When I relapsed after my first semester in college, I gave up completely and fell back into Ed’s arms.

I was so tired of trying to be happy; so tired of being someone who pretended to be okay. I wasn’t okay, and I knew that going back to Ed was bad but I couldn’t help it. He was the only one telling me I was special so I slashed my calories, started walking over two hours a day, and began pushing the people I loved away…

Before I knew it I had dropped to my lowest weight once again and I was pale, drawn, and irritable.

The people around me started to fill with worry and warned me that I was harming myself and would die. I didn’t want to listen but I was miserable and desperate so I started reading blogs online. Recovery blogs, healthy living blogs, fitness blogs and I began to notice a pattern. Everyone was eating so much!

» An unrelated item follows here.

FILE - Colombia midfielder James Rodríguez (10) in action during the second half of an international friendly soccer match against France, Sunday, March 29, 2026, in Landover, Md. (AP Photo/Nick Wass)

Most of the blogs I read were about other people who had gone through eating disorders or some kind of eating problems and yet were recovered or recovering. They were eating healthy foods and lots of it. They were also lifting weights and cutting their cardio. I thought this was crazy talk! But I kept reading.

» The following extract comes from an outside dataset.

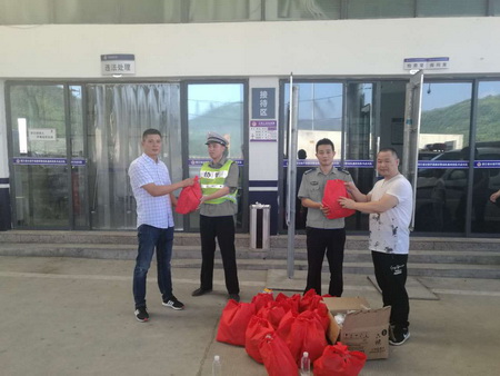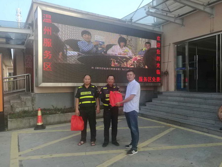 8月3日上午,公司一大队李国君大队长等一行向奋战在“高温模式”下的一线队员送去了神丹、十滴水等防暑降温物品,并捎上了公司领导深切的慰问。 慰问走访中,一大队分别来到温州南服务区、高速交警卡点大队、甬台温浙闵收费所等各执勤点,由于温州南服务区和甬台温浙闵收费所该两执勤点保安员都需在户外执勤,眼下正值高温酷暑天,要一直在无遮无挡的烈日下协助交警指挥车辆、行人的通行,饱受着烈日的煎熬,他们依然坚守岗位,为保市民交通安全而默默奉献着。李大队长对全体队员这种艰苦奋战、无私奉献的精神给予了高度评价和万分感谢。同时要求各执勤点队员要做好防暑降温措施,避免高温中暑事件发生,也希望各队员要继续发扬不怕苦不怕累的工作作风,再接再厉,全力以赴做好客户单位交办的各项安保任务。 |

At this point I pulled myself out of college and was back at home. I made some goals after reading these blogs that I was going to eat more, I was going to start lifting weights and I was going to love myself.

And that is what I did.

It was scary going from little food to a little more to a lot more, but I knew I was now nourishing my body so it could repair itself after my strength workouts and also from the stress I had put on it.

I loved lifting heavy weights and it became my biggest motivation in recovery.*

I switched my focus from being weak to being strong and things began to take off.

I gained weight slowly but I was happy again. I was gaining awesome muscle and I loved what was happening. For the first time in my life, I was glad when the number on the scale went up.

And after a while, the scale became just that, a scale. Not something to measure success by, nor something that told me if I was good enough or not. My weight no longer mattered to me because I was confident in my body for once.

I loved being strong and thrived in my workouts.

I’m still not really sure what recovery actually means and I’m assuming it can mean different things for everyone,  but I think I’ve found it, or at least most of it.

Today, I eat lots of healthy food and enjoy it. I cook and I bake and I workout hard and I am happy. Strength training has made all the difference for me and has allowed me to be strong in both body and mind. It has allowed me to heal, grow, and love myself for who I am. Knowing that my body is capable of lifting almost double my bodyweight off the floor gives me power. A new kind of power, unlike Ed’s promises of power, the weight room gives me a sense of confidence. It’s a place where I know I am proud of myself and where I am just me, nobody else.

I still have days where I fall back and things that I need to address but who doesn’t? Life is a journey and we never stop learning, so it’s a good thing I love to learn.

I am proud of my story and how far I have come and I can now confidently say that I love who I am and where I’ve been.